━━━ Collected material ━━━
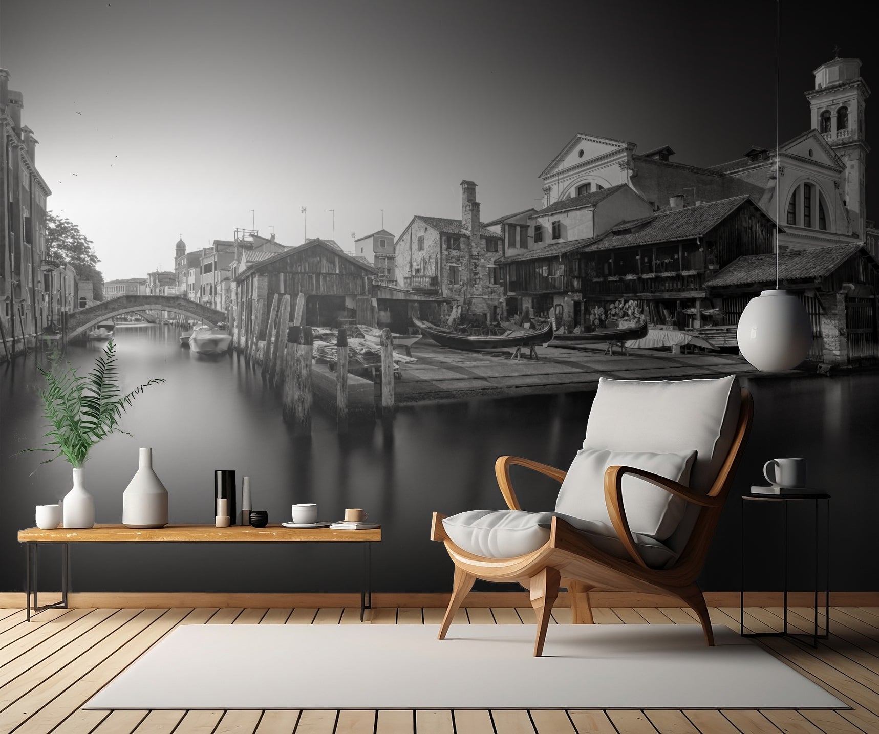 Vackert komponerad i svartvitt fångar denna tapet arkitekturens charm och traditionella karaktär i Venedig. Varje detalj från de gamla byggnaderna längs kanalerna, till de eleganta gondolerna och båtverkstäderna, finns med i denna konstnärliga komposition. Den perfekta kombinationen av gammalt och nytt, som tar dig med på en visuell resa genom Venedigs historia och kultur.
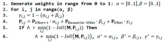 In the following section, the proposed gland detection method is described. The application of deep encoder–decoder CNN architectures of different depths and complexity was inspired by the complex appearance of the target object. The uterus endometrium has glands that highly vary in size, shape, and structure. These glands are tubular in shape and have ciliated columnar epithelium lining them. Due to the estrogen release and depending on the menstrual cycle, the appearance of the glands is changing. In this study, the ensemble-based detection model is investigated and built using segmentation model variants such as U-Net, U-Net++, and Residual U-Net. These models are selected due to their ability to capture intricate features and patterns within medical images, making them suitable for segmentation tasks. When used on various histology images, each segmentation model has a certain level of accuracy that it can achieve. These restrictions may manifest as slices of endometrial biopsies that are not of the same thickness, are not evenly lit, have varied image noise that may obscure key imaging findings or are simply taken at different times of the menstrual cycle. To increase accuracy and produce results that are reliable, all models that were trained on the same dataset are combined into one ensemble. The risk of complex model overfitting is managed through the size of the training dataset and the employment of regularization techniques. To mitigate overfitting, techniques such as dropout, batch normalization, and data augmentation were used. The resulting output, i.e., the predicted segmentation map of endometrial glands, is acquired using a weighted sum of all three individual segmentation maps. The weights are calculated by minimizing the criterion using the pseudo code given in Figure 4. The inverse of the intersection over unit (IoU) value is used as an optimization criterion in our work (1-IoU). The optimization starts from generating α and β values in the range from 0 to 1. The gamma (γ) weight is estimated as the difference between 1 and the sum of the α and β values. The weighted model output or prediction P is calculated in step 4, where PUNet++ is the prediction map given by the UNet++ model, PResnet34-UNet is the prediction map given by the residual model, and PUNet is the predictions of the UNet segmentation model. The intersection over unit value is estimated between manually annotated mask M and weighted prediction P. Optimized weights are estimated when the criterion meets the condition given in step 5. Final weights α*, β*, and γ* are given in step 6. The final prediction map is calculated using the given weights: α = 0.346, β = 0.250, and γ = 0.404.
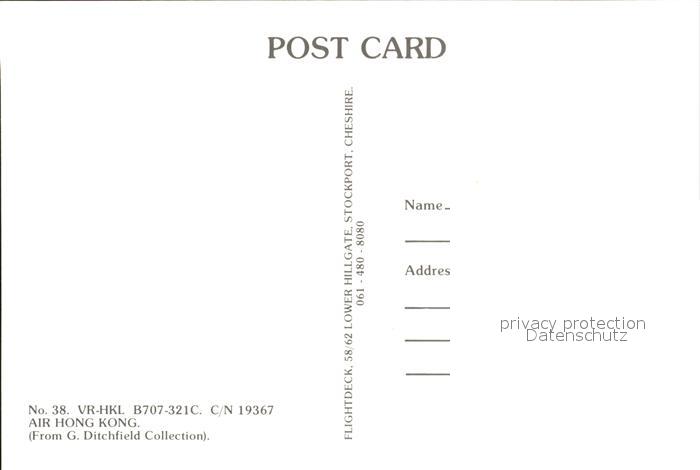 Flugzeuge Zivil Air Hong Kong B-707-321C VR-HKL C/N 19367 postalisch nicht gelaufen Erhaltung siehe scans
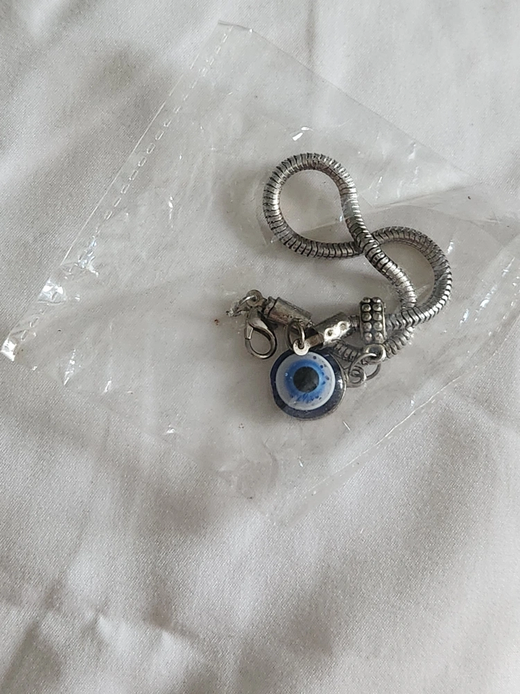 Cute charm bracelet! It features an evil eye pendant and a snake chain, perfect for adding a bit of protection to your style. The bracelet is in great condition and ready to wear. Pick up at 40 Lavery Trail Scarborough
━━━
** Try it **
The reply has to reproduce every line above verbatim and contain no pictures.

** Answer to the problem **
 Vackert komponerad i svartvitt fångar denna tapet arkitekturens charm och traditionella karaktär i Venedig. Varje detalj från de gamla byggnaderna längs kanalerna, till de eleganta gondolerna och båtverkstäderna, finns med i denna konstnärliga komposition. Den perfekta kombinationen av gammalt och nytt, som tar dig med på en visuell resa genom Venedigs historia och kultur.
 In the following section, the proposed gland detection method is described. The application of deep encoder–decoder CNN architectures of different depths and complexity was inspired by the complex appearance of the target object. The uterus endometrium has glands that highly vary in size, shape, and structure. These glands are tubular in shape and have ciliated columnar epithelium lining them. Due to the estrogen release and depending on the menstrual cycle, the appearance of the glands is changing. In this study, the ensemble-based detection model is investigated and built using segmentation model variants such as U-Net, U-Net++, and Residual U-Net. These models are selected due to their ability to capture intricate features and patterns within medical images, making them suitable for segmentation tasks. When used on various histology images, each segmentation model has a certain level of accuracy that it can achieve. These restrictions may manifest as slices of endometrial biopsies that are not of the same thickness, are not evenly lit, have varied image noise that may obscure key imaging findings or are simply taken at different times of the menstrual cycle. To increase accuracy and produce results that are reliable, all models that were trained on the same dataset are combined into one ensemble. The risk of complex model overfitting is managed through the size of the training dataset and the employment of regularization techniques. To mitigate overfitting, techniques such as dropout, batch normalization, and data augmentation were used. The resulting output, i.e., the predicted segmentation map of endometrial glands, is acquired using a weighted sum of all three individual segmentation maps. The weights are calculated by minimizing the criterion using the pseudo code given in Figure 4. The inverse of the intersection over unit (IoU) value is used as an optimization criterion in our work (1-IoU). The optimization starts from generating α and β values in the range from 0 to 1. The gamma (γ) weight is estimated as the difference between 1 and the sum of the α and β values. The weighted model output or prediction P is calculated in step 4, where PUNet++ is the prediction map given by the UNet++ model, PResnet34-UNet is the prediction map given by the residual model, and PUNet is the predictions of the UNet segmentation model. The intersection over unit value is estimated between manually annotated mask M and weighted prediction P. Optimized weights are estimated when the criterion meets the condition given in step 5. Final weights α*, β*, and γ* are given in step 6. The final prediction map is calculated using the given weights: α = 0.346, β = 0.250, and γ = 0.404.
 Flugzeuge Zivil Air Hong Kong B-707-321C VR-HKL C/N 19367 postalisch nicht gelaufen Erhaltung siehe scans
 Cute charm bracelet! It features an evil eye pendant and a snake chain, perfect for adding a bit of protection to your style. The bracelet is in great condition and ready to wear. Pick up at 40 Lavery Trail Scarborough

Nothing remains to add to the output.